“O Captain! my Captain! our fearful [intubation] is done” – Walt Whitman. Two nurses and a doctor made a number of failed attempts to intubate a Patient prior to an Air Life transport. The attempts injured Patient’s throat who sued, among others, the ER doctor and hospital who handed him off to Air Life staff. Plaintiff appealed partial summary judgment in favor of hospital and ER doctor on issues of vicarious liability and certain evidentiary rulings at trial. The court of appeals held: 1) the “captain of the ship” doctrine does not apply to ER doctors and 2) negligent supervision cannot be brought under vicarious liability doctrines. The court also upheld the exclusion of facts plaintiff sought to use for impeachment, including the medical history of the ER doctor and that both the defendant and an expert witness were insured by the same carrier. Trial court’s rulings were affirmed.
Tag Archives: Medical Malpractice
William P. Settle and Corinna Settle v. Janet M. Basinger, M.D. and Rio Grande Hospital, 2013COA18 (February 28, 2013)

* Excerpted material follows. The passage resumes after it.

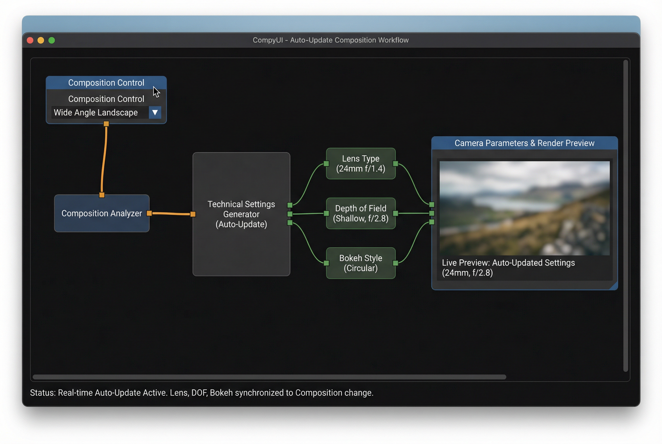 Cambia la composizione, e le impostazioni tecniche si aggiornano automaticamente: lente, profondità di campo e bokeh si adattano in tempo reale senza toccare nulla.

Rarely do courts invite review of their opinions, but in this case the court of appeals urged the Supreme Court to review “the potential inconsistency” between CRE 301 and precedent holding that the res ipsa loquitur doctrine shifts the burden of proof to the defendant. This is a medical malpractice case in which the facts of what actually happened during an angiogram were hotly contested. In Weiss v. Axler, 137 Colo. 544 (1958) the Supreme Court expressly held that if the doctrine applies, the defendant must prove the absence of negligence. In 1979, CRE 301 was adopted, and expressly states that presumptions (such as a presumption of negligence) do not shift the burden of proof. The court of appeals held that Weiss remains good law, and the trial court erred by refusing to instruct the jury that the burden shifted to the defendant to show he was not negligent. A new trial was ordered.

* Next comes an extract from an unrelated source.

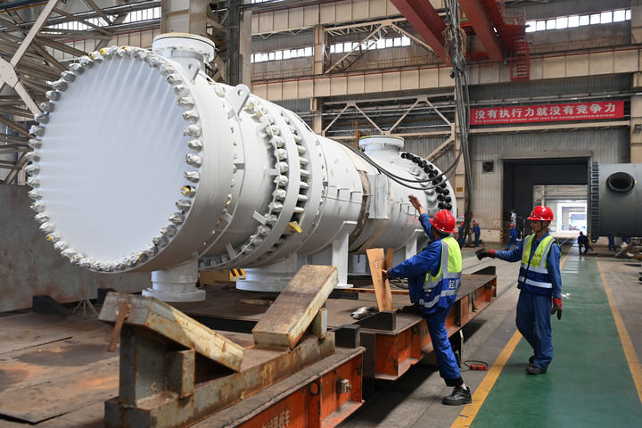 2024年7月25日,在兰州新区兰石集团高端装备产业园,工人在吊装储罐设备。新华社记者 范培珅 摄

In Re Stacy Warden and Chris Warden as representatives of Noah Warden, a minor child v. Exempla, Inc. d/b/a Exempla Healthcare, et. al., 2012CO74 (December 20, 2012)

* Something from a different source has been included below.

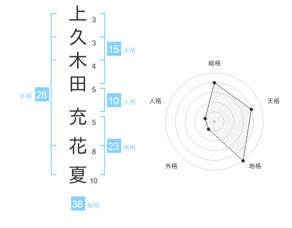 上久木田 充花夏さんを姓名の画数から五運を鑑定

As we have re-discovered, after a tragedy people look for a cause. In this medical malpractice case, a baby was born with brain damage after being deprived of oxygen. The parents claim the cause was failure to monitor the baby during birth; the hospital claims the damage preceded labor. Three of Plaintiff’s experts were excluded. The Court reversed the exclusions. The first expert was excluded because she did not respond to Defendants’ experts. The Court disagreed, as she might refute Defendants’ theory of causation which relied heavily on a study she critiqued. Two experts addressing the child’s life expectancy were excluded as an “ambush.” The testimony should have been initially disclosed, but the delay was harmless because: 1) the trial is months away, 2) the importance to Plaintiff’s claim, 3) Defendants’ own experts raised the defense, and 4) lack of evidence of bad faith.